Estudos teóricos como os de Hayden White, Paul Ricoeur e
Dominick LaCapra, questionavam os critérios para demarcação das fronteiras disciplinares e buscavam, na teoria literária e na lingüística, insights a partir dos quais fosse possível pensar novas formas de conduzir a pesquisa historiográfica. Uma das teses de White é a de que o valor de um trabalho de historiografia não se deve somente aos procedimentos metodológicos que o nortearam, mas depende também de dimensões pré-figurativas da linguagem.
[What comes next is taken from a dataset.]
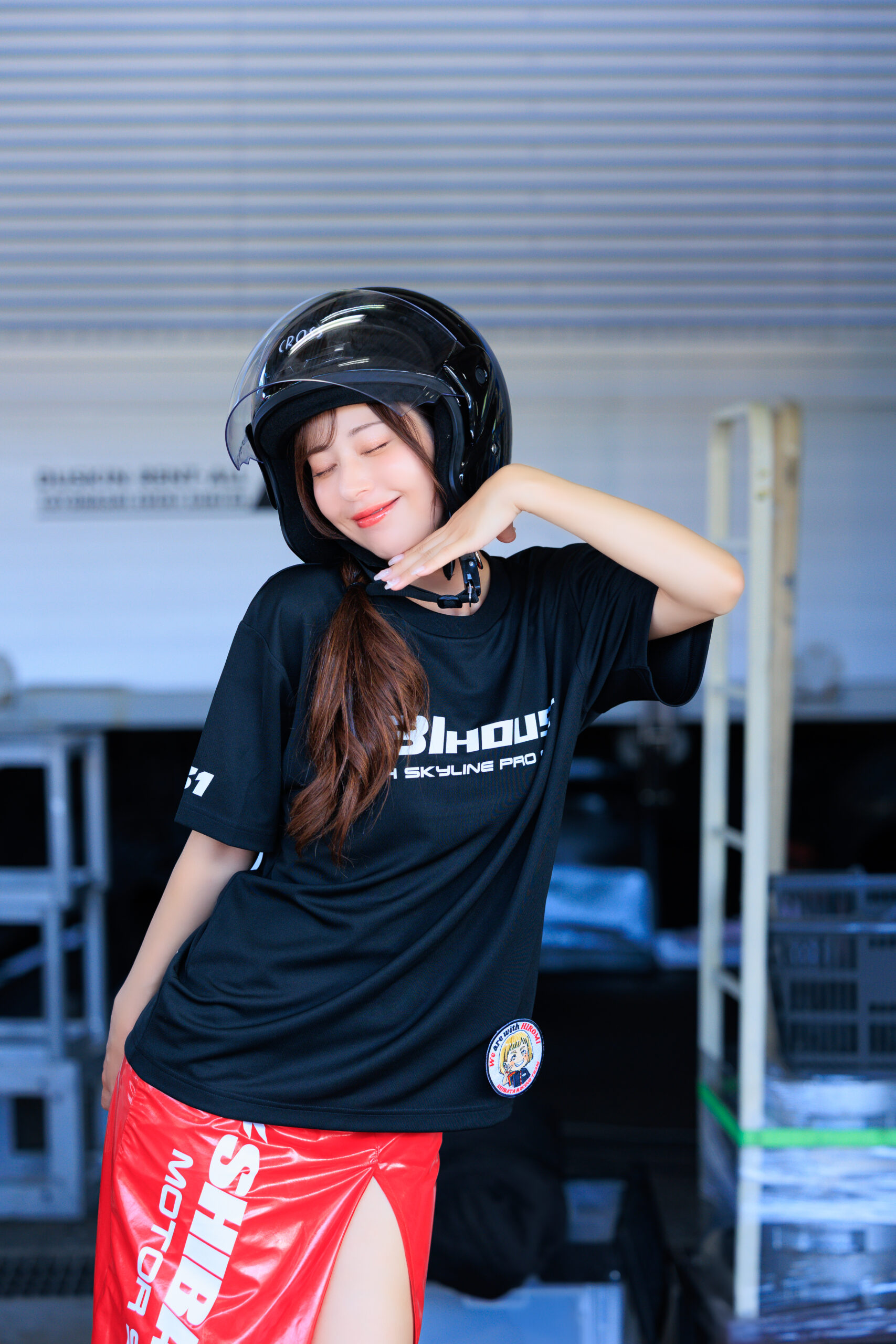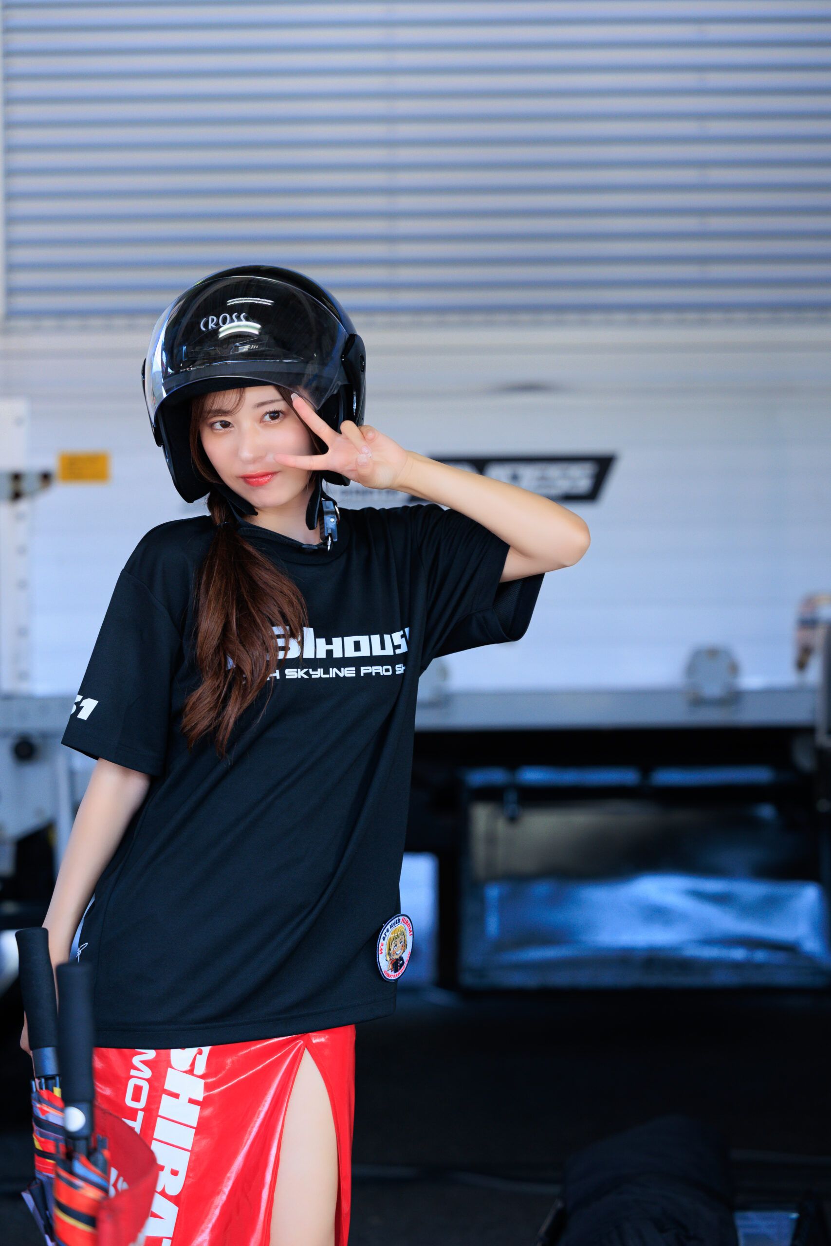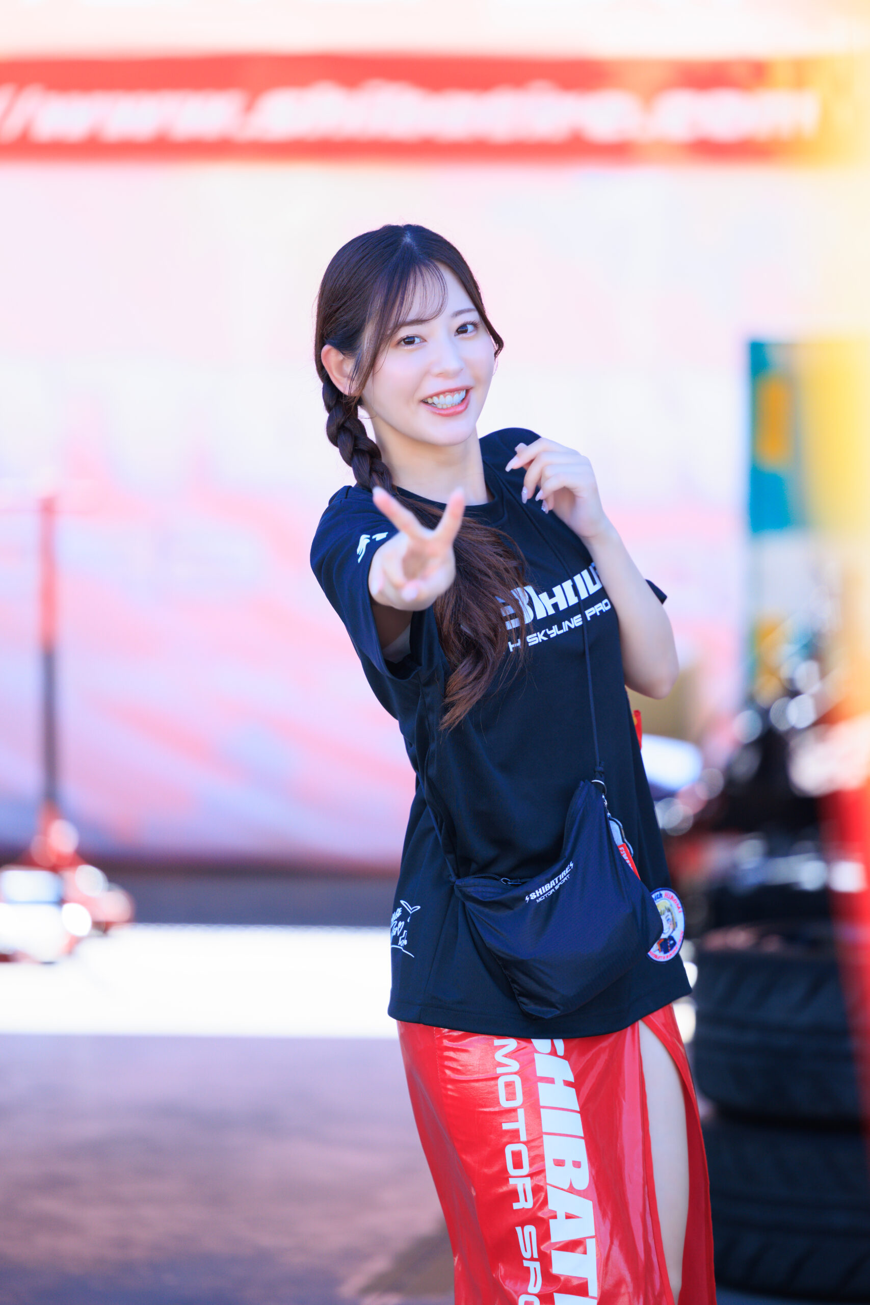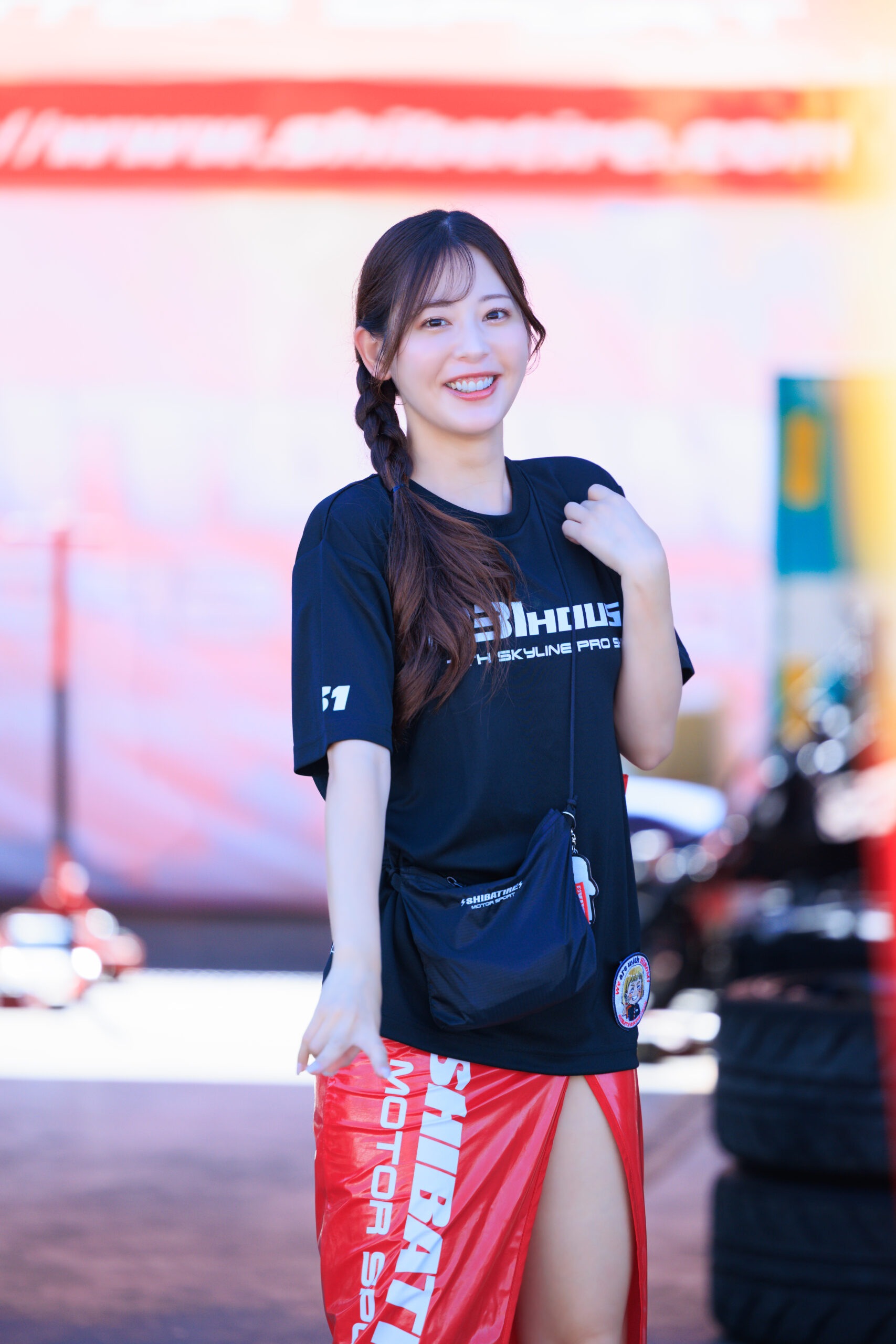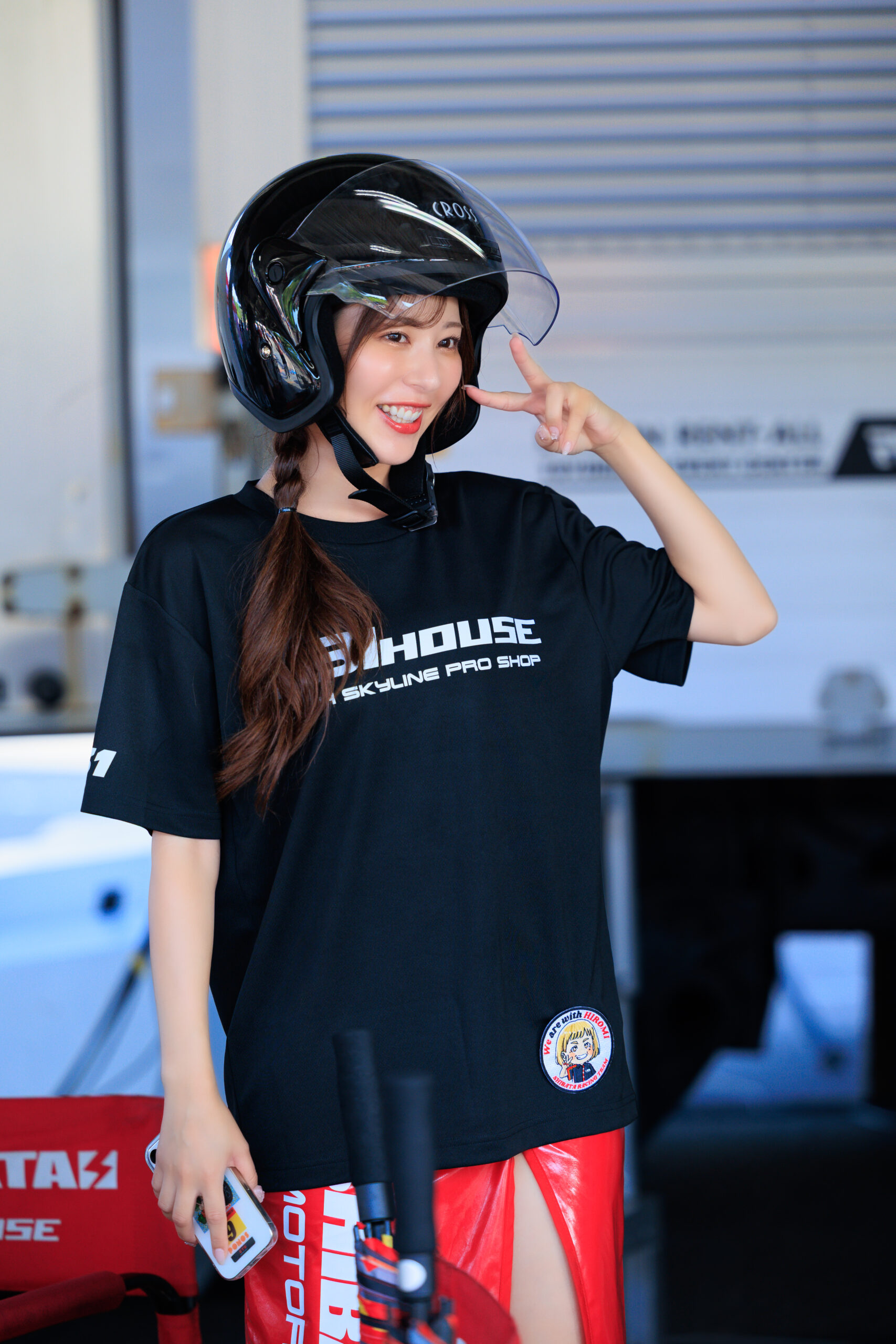 サーキットの熱気と、ももさんの穏やかな笑顔が絶妙なコントラストでした。

Nas reflexões de Pau Ricoeur, a História não pode abrir mão do tempo, sob pena de perder a sua historicidade e confundir-se com as demais ciências com as quais dialoga, isto é, economia, sociologia, etc. Devido ao seu caráter essencialmente aporético, o tempo não pode ser trabalhado de modo especulativo. Portanto, a História para que permaneça histórica precisa referir-se ao tempo, mas só pode fazê-lo obliquamente resolvendo as aporias de temporalidade de forma poética. Ricoeur chama de intencionalidade histórica a referência ao tempo, implícita no discurso historiográfico. Entretanto, não chega a negar a distinção entre o discurso literário e o discurso historiográfico, porém, identifica um parentesco, ainda que indireto, entre a historiografia e a narrativa de ficção. Diferentemente de White e Ricoeur, LaCapra enfatiza, nos textos que estuda, as “vozes” de contestação que solapam toda tentativa de interpretação visando à apreensão de um significado estável e absolutamente coerente. As vozes de que fala LaCapra teriam implicações para a condução da vida política e social, inclusive a vida dentro das disciplinas acadêmicas. A crítica que LaCapra faz aos historiadores e em especial àqueles vinculados à História social, refere-se ao fato de que estes, em geral, revelam uma propensão a reduzir textos complexos em status de documentos. Textos complexos são aqueles que fazem parte do cânone erudito, como as grandes obras da literatura e da filosofia, acabam recebendo um tratamento reducionista por parte do historiador. Para LaCapra a mistura de gêneros não seria uma coisa necessariamente ruim, pois, na cultura se começa com o híbrido, e os gêneros puros ou disciplinas são o resultado de procedimentos de exclusão, e suspeitos tanto em termos intelectuais quanto sócio-políticos.